恒大清算でも危機は終わらない、中国不動産に残された「決定的な問題」
ここまで見れば、恒大判決と土地使用権問題は、まったく別の出来事ではないことがわかる。両方とも、中国が長年依存してきた一つの経済モデルから生まれた問題だからである。
地方政府が土地を売る。デベロッパーが借金をして土地を買う。銀行が融資する。住宅価格が上がる。地方政府の土地収入が増える。増えた収入でさらに都市開発を進める――中国経済は長年、この巨大な循環で成長してきた。
問題は、すべてが「不動産価格は上がり続ける」という前提だったことだ。価格が下がれば、デベロッパーは借金を返せず、担保価値が下がれば銀行も融資できず、土地が売れなければ地方財政が悪化する。商業不動産では土地使用権の期限が近づき、担保価値がさらに落ちる。

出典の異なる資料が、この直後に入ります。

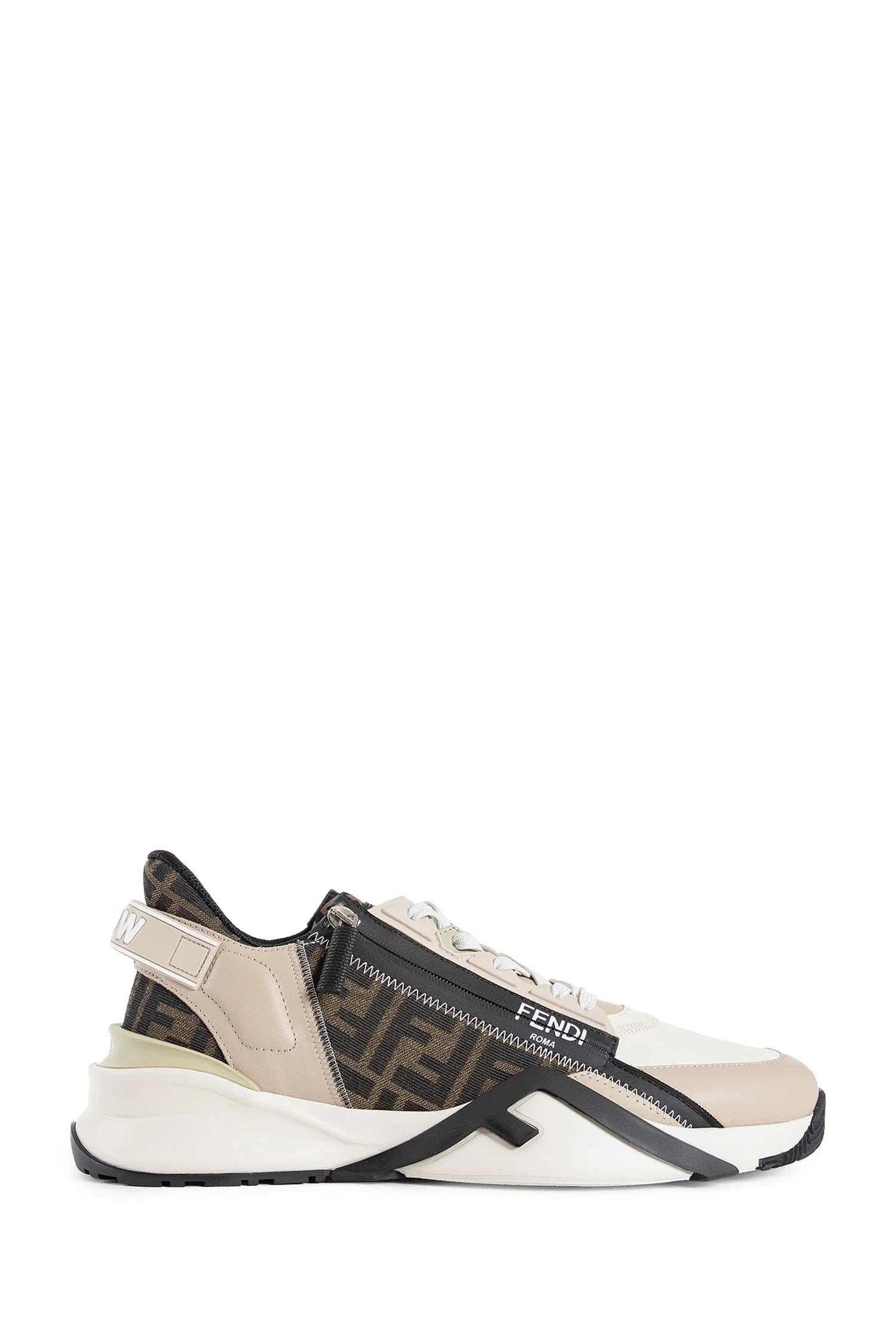 DESCRIPTION - Beige - Ff jacquard and smooth leather - Back ''Flow'' rubber pull tab - Lace closure - Side zip closure - Rubber sole DETAILS - Made in: Italy - Composition: 65% Polyester 35% Cotton 100% Calfskin - Model code: 7E1392AJZH F1OU2 - Item ID: 9478821151062

習近平政権の経済運営には一つの特徴がある。「腐敗さえなくせば経済は自ずと健全になる」という信念のもとに、現実的な政策が疎かになりがちなことだ(このあたりの詳しいことは、拙著『習近平は何を恐れているのか?』(ビジネス社)に詳しく記したのでご参照いただきたい)。

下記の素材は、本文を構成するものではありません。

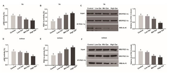 As shown in Figure 3A, the enzyme activity of p300 tended to decrease (p = 0.06) in the Low Gar group, while its activity was significantly decreased (p < 0.05) in the Mid and High Gar groups compared with that in the control group (Figure 3A,D). Compared with that in the Low Gar and control groups, the PGC-1α activity in the High and Mid Gar groups was obviously increased (p < 0.05) (Figure 3B,E). Additionally, the acetylation level of PGC-1α in the garcinol-fed mice was reduced significantly (p < 0.05) compared with that in the control group mice (Figure 3C,F).

恒大がこれほどの負債を背負ったのは、地方政府・不動産業者・地方銀行という三位一体の癒着があったからである。とくにこの「地方政府」には、多分に「中国共産党」の要素が含まれる。
習が「個人の犯罪」にこだわるのは、このシステムの根幹である「中国共産党」の部分を無視しているからだ。実質的な習近平独裁に入った現在、その部分の非を認めれば、責任が自分にかかってくる。
だからこそ習は経営者個人の責任ばかりを追及し、システム自体には手を付けない。その結果、「経営者狩り」と「粛清」ばかりを追求して、優秀な経営者を追放し、活動中の経営者たちの手足を縛り続けている。
土地使用権問題についても、中央政府が商業不動産の更新について全国共通ルールを決めるのが効果的だが、それは「地方政府の裁量に任せる」という既存システムの否定になり、問題を放置してきた自分の責任を認めることになる。
中国経済を立て直すには、産業界と中国共産党の癒着をなくし、制度を刷新する必要がある。無理な成長目標をやめ、土地売却収入に依存する地方財政を改め、地方政府・企業・金融機関の不透明な関係を整理し、非住宅土地使用権の更新ルールを全国で明確化し、価格上昇なしでも企業と地方政府が存続できる制度を作ることだ。
恒大問題が示したのは、不動産バブル崩壊による「フローの危機」である。そして土地使用権問題が示しているのは、不動産そのものの価値を揺るがす「ストックの危機」だ。人を罰することはできても、制度が生み出したリスクまでは消えない。
中国不動産市場は経済成長モデルそのものの見直しを迫っているが、習近平指導部に低成長を受け入れる様子は見えない。